→ **What the exercise asks**
From the first line of the entries below through the line bearing "La collezione primaverile", write out each line exactly. Omit pictures.

→ **Record set**
_ _ _

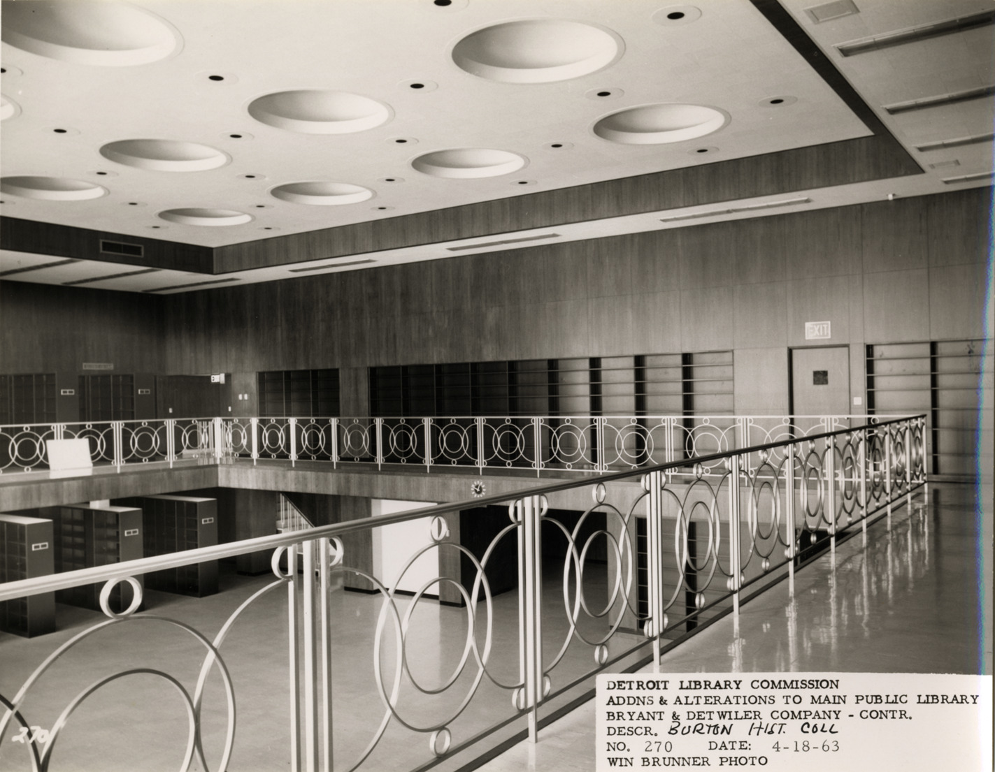 View of Burton Historical Collection, Main Library, Detroit Public Library showing brass balcony railing and empty bookshelves. Printed on front: "Detroit Library Commission. Addns & alterations to Main Public Library. Bryant & Detwiler Company, contr. Descr. Burton Historical Collection. No. 270. Date: 4-18-63. Win Brunner, photo."
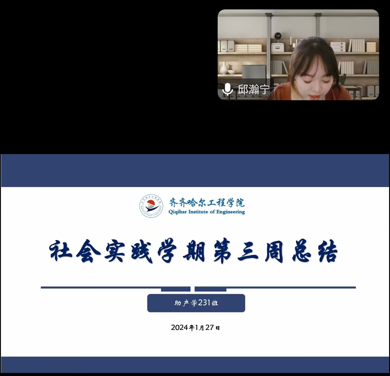 为了对同学们第三周社会实践进行总结,以及看各位同学社会实践的完成量,助产学231班在2024年1月27日以腾讯会议的形式组织开展“社会实践学期第三周总结”主题班会,本次会议由辅导员邱瀚宁老师主持召开,助产学231班全体生涯导师与全体同学共同参加。
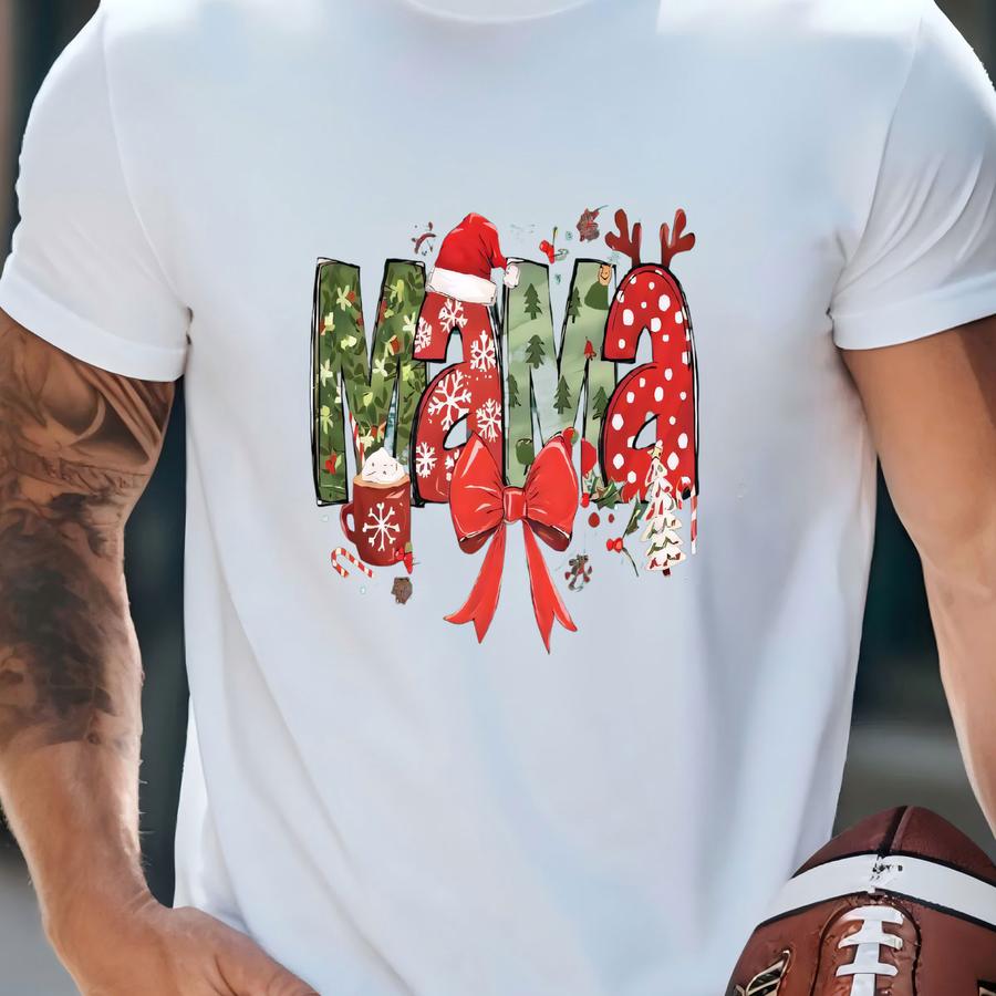 Christmas Mama Sweatshirt, Christmas Shirt, Coquette Bow Christmas Tee, Christmas Mom Gift, Family Christmas, Holiday Shirt, Gift For Mom T-shirt
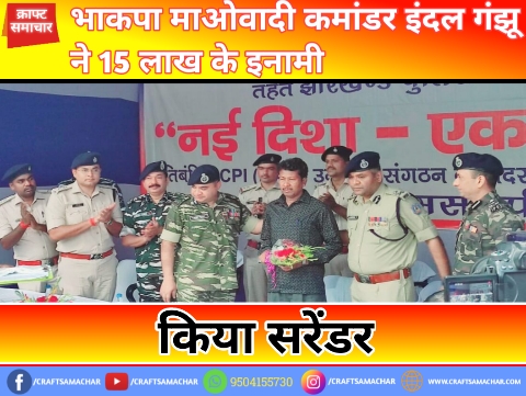 भाकपा माओवादी कमांडर इंदल गंझू ने 15 लाख के इनामी, किया सरेंडर
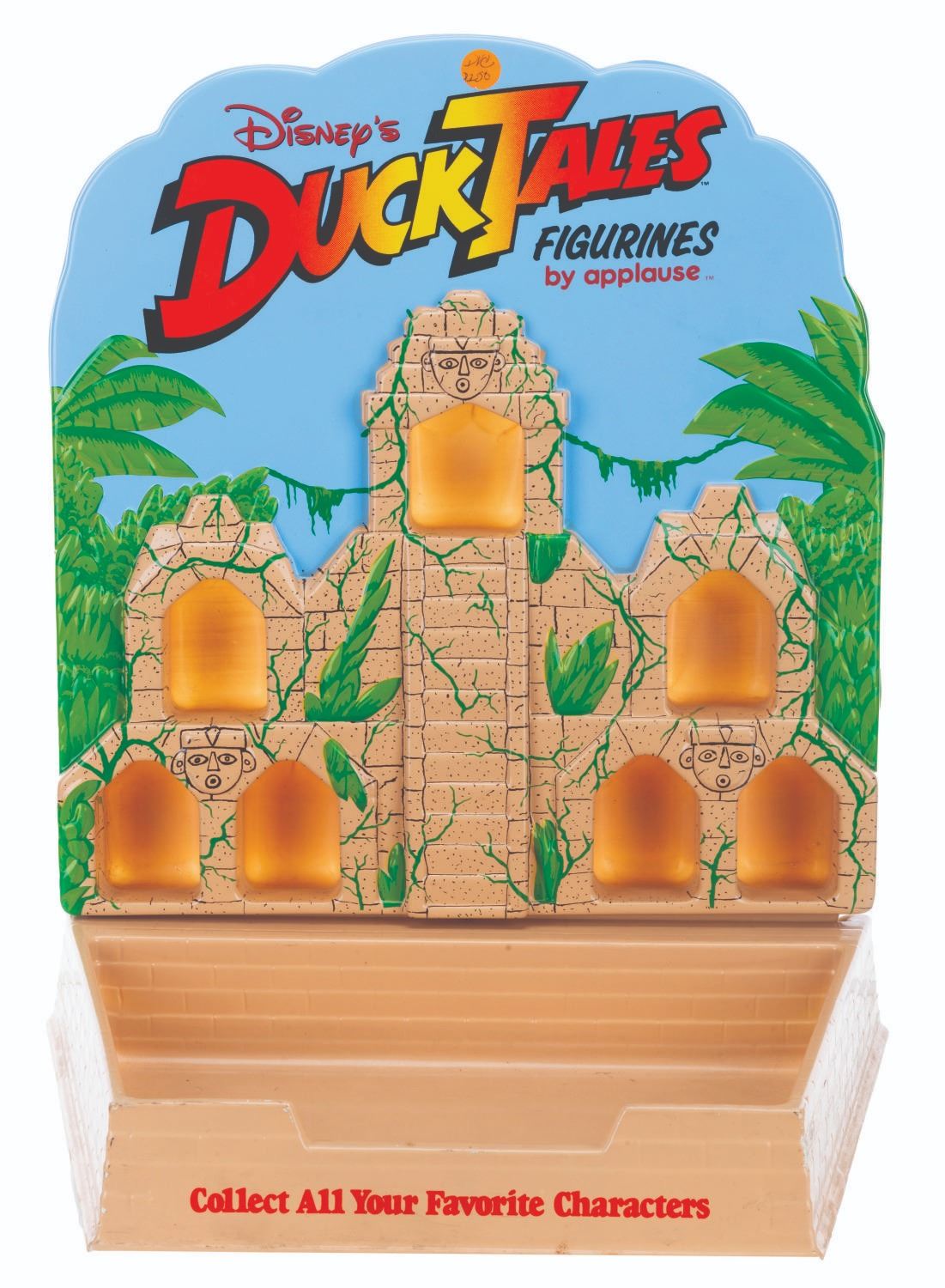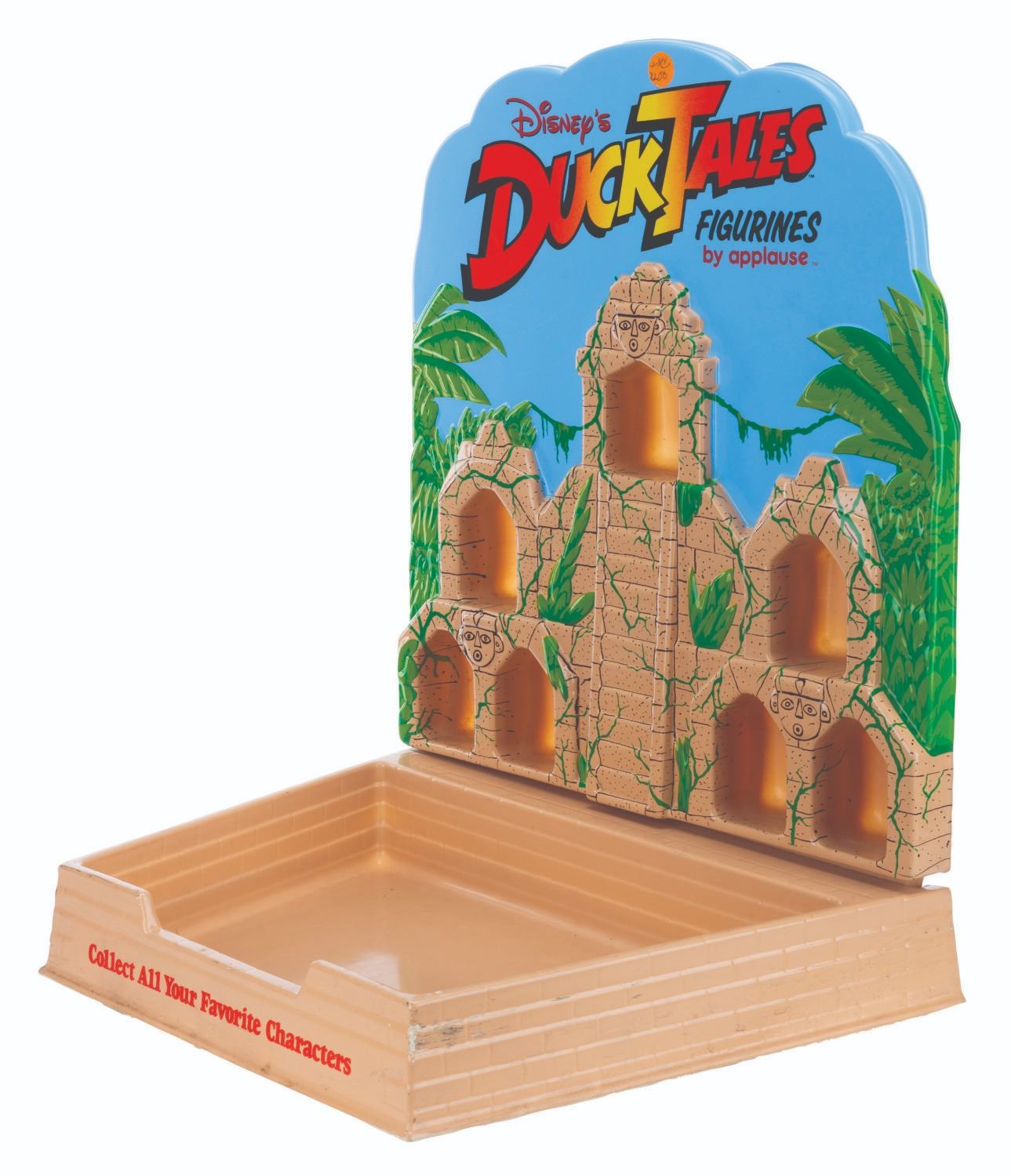 (Applause, 1980s) A jungle temple-themed store display for the "DuckTales" figurine line by Applause. Measuring 17" x 13.5" x 20.5" tall, the display is in good condition with stains, dents, scuffs, a 0.75" x 1" section missing from the side, wear from use, and an adhesive at the top center.
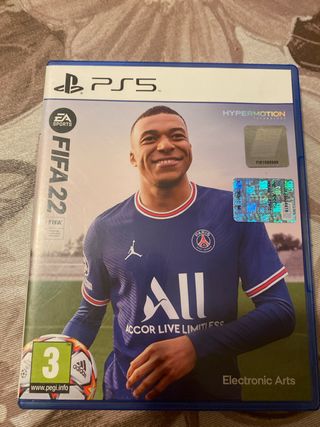 Videogioco FIFA 22 per PlayStation 5. - Copertina con Kylian Mbappé. - Tecnologia HyperMotion. - Classificazione PEGI 3.
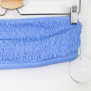 NWT Tori Praver Renee Smocked Bandeau Strapless Swimwear Bikini Top in Capri Blue. Size Medium.
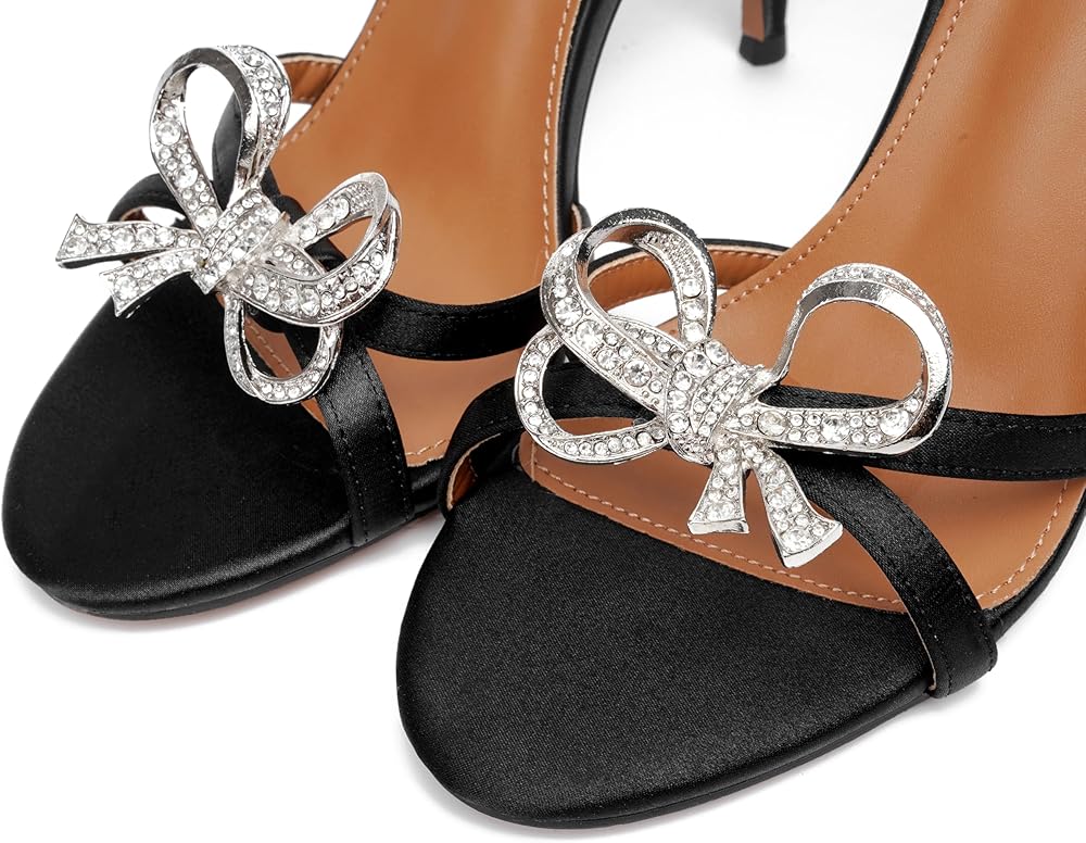 CONVENIENT:Our high-heeled sandals feature elastic straps for easy on and off.Rhinestone bow decoration,cute and elegant.
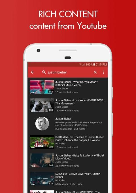- YouTube music player: watch your videos in full screen or use the floating popup for multitasking
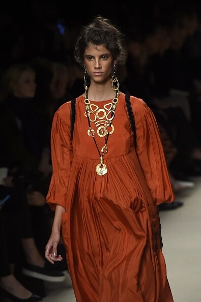 La collezione primaverile di Alberta Ferretti si ispira al deserto e alle sue dune, con colori caldi e linee morbide che avvolgono il corpo femminile. Marroni, ocra, senape e le sfumature della sabbia sono i colori protagonisti mentre per i tessuti la stilista ha scelto pizzi, chiffon, tulle e camosci.
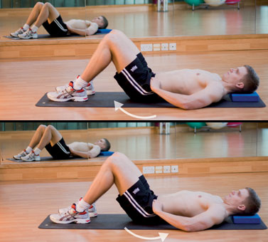 | 5 | Наклоны (смещения) таза Позиция на старте: находясь лежа на полу, положите под голову небольшую плоскую подушечку, сложенное полотенце или книгу. Колени расставлены строго по ширине бедер и согнуты. Стопы плотно установлены на пол. Расслабьте все мышцы торса и немного втяните в себя подбородок. Порядок выполнения: мягко прижмите вашу поясницу к полу и напрягите немного мышцы брюшного пресса. Теперь постарайтесь чуть сместить свой таз вперед, по направлению к пяткам. Вы почувствуете небольшое выгибание поясницы и работу мышц спины — сокращение и расслабление. Важно: при наклонах таза обязательно должны работать глубокие мышцы брюшного пресса. А вот шея, ноги и плечи не должны напрягаться и излишне прижиматься к полу. | Растягивание и укрепление пояснично-крестцового отдела спины. Чтобы почувствовать правильную работу мышц спины, при выполнении упражнения положите одну ладонь на свой брюшной пресс, а другую подложите под поясницу. ![]() | Данные смещения таза выполняются по 12-16 раз в течение одного подхода, при этом таз совершает медленные как бы качающиеся движения. |
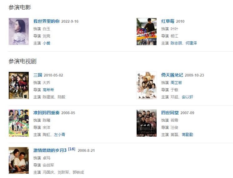 2009年,出演古装剧《三国》饰演大乔;同年,她因在古装武侠剧《倚天屠龙记》中饰演周芷若而获得更多关注。
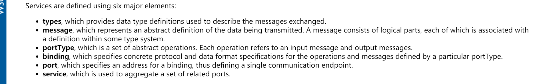 一个 WSDL 文档通常包含 8 个重要的元素,即 definitions、types、import、message、portType、operation、binding、service 元素,其中 service 元素就定义了各种服务端点,阅读wsdl时可以从这个元素开始往上读。
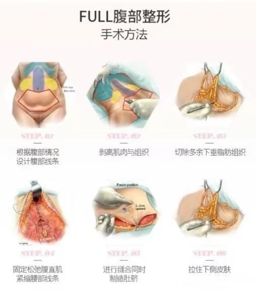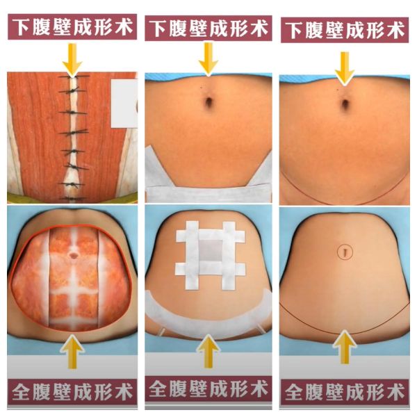 1.全腹壁整形术:通过去除松弛的腹部皮肤组织,使用内窥镜分离和紧缩腹直肌,调整腰部曲线,并精心缝合皮肤,让手术疤痕隐藏在内裤线下。
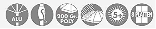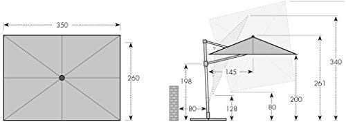 Massive Erfüllung jedweder Aluminium mit einem Rohrdurchmesser von 80 x 53 mm. Der Schirm wird inkl. passendem Kreuzschirmständer geliefert (für Platten 50×50 cm).
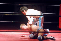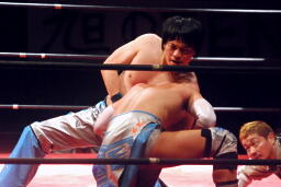 ロックアップ、旭がロープに押し込む、ブレーク。手繰り合いから旭バック取る、大石腕を取る(右写真)。旭カニばさみで倒しヘッドロック。
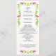 © Designs socialitas. Uma folha elegante, uma borda floral e espiral com uma bela combinação de cores, verde, fúcsia e programa de casamento amarelo. O estilo da fonte, o texto e o tipo de papel podem ser alterados. Precisa de ajuda para personalizar ou uma combinação de cores diferente para o seu evento? Por favor, não hesite em contactar Designs socialitas com os seus requisitos.
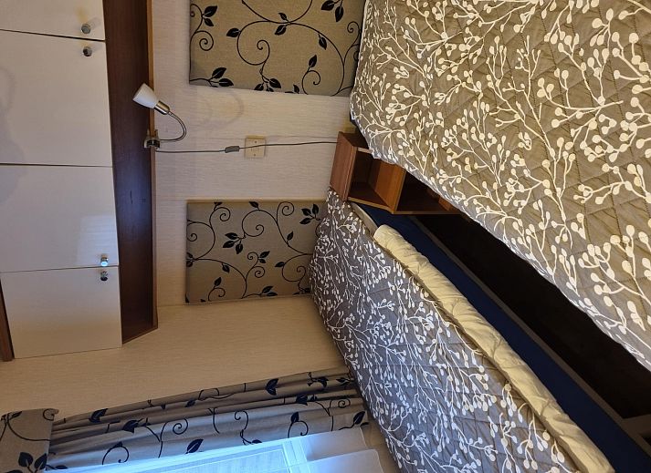 Ce chalet est relativement proche de l'entrée. Le salon dispose d'un coin salon, d'une télévision à écran plat, d'un lecteur DVD, d'une radio/lecteur CD et d'un coin repas. La cuisine ouverte est équipée d'une cuisinière, d'un réfrigérateur-congélateur, d'un lave-vaisselle, d'un micro-ondes, d'une bouilloire et d'une cafetière à filtre. Il y a trois chambres à coucher, dont une avec un lit double. Dans la deuxième chambre, il y a 2 lits simples (60 cm de large). Dans la troisième chambre, il y a 2 lits simples (70 cm de large). Couettes disponibles : 200x200 et 140x200. La salle de bains est équipée d'une douche, d'un lavabo et de toilettes. Il y a un deuxième WC. Le chalet dispose d'une terrasse abritée avec mobilier de jardin.
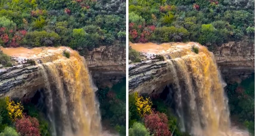 Το βίντεο, που ανήρτησε στη σελίδα «Τοπία της Κύπρου / Landscapes of Cyprus» ένας χρήστης του Facebook, δείχνει τα νερά του καταρράκτη να πέφτουν ορμητικά, δημιουργώντας ένα σχεδόν απόκοσμο σκηνικό.

_ _ _

→ **Exercise output**
 View of Burton Historical Collection, Main Library, Detroit Public Library showing brass balcony railing and empty bookshelves. Printed on front: "Detroit Library Commission. Addns & alterations to Main Public Library. Bryant & Detwiler Company, contr. Descr. Burton Historical Collection. No. 270. Date: 4-18-63. Win Brunner, photo."
 为了对同学们第三周社会实践进行总结,以及看各位同学社会实践的完成量,助产学231班在2024年1月27日以腾讯会议的形式组织开展“社会实践学期第三周总结”主题班会,本次会议由辅导员邱瀚宁老师主持召开,助产学231班全体生涯导师与全体同学共同参加。
 Christmas Mama Sweatshirt, Christmas Shirt, Coquette Bow Christmas Tee, Christmas Mom Gift, Family Christmas, Holiday Shirt, Gift For Mom T-shirt
 भाकपा माओवादी कमांडर इंदल गंझू ने 15 लाख के इनामी, किया सरेंडर
 (Applause, 1980s) A jungle temple-themed store display for the "DuckTales" figurine line by Applause. Measuring 17" x 13.5" x 20.5" tall, the display is in good condition with stains, dents, scuffs, a 0.75" x 1" section missing from the side, wear from use, and an adhesive at the top center.
 Videogioco FIFA 22 per PlayStation 5. - Copertina con Kylian Mbappé. - Tecnologia HyperMotion. - Classificazione PEGI 3.
 NWT Tori Praver Renee Smocked Bandeau Strapless Swimwear Bikini Top in Capri Blue. Size Medium.
 CONVENIENT:Our high-heeled sandals feature elastic straps for easy on and off.Rhinestone bow decoration,cute and elegant.
- YouTube music player: watch your videos in full screen or use the floating popup for multitasking
 La collezione primaverile di Alberta Ferretti si ispira al deserto e alle sue dune, con colori caldi e linee morbide che avvolgono il corpo femminile. Marroni, ocra, senape e le sfumature della sabbia sono i colori protagonisti mentre per i tessuti la stilista ha scelto pizzi, chiffon, tulle e camosci.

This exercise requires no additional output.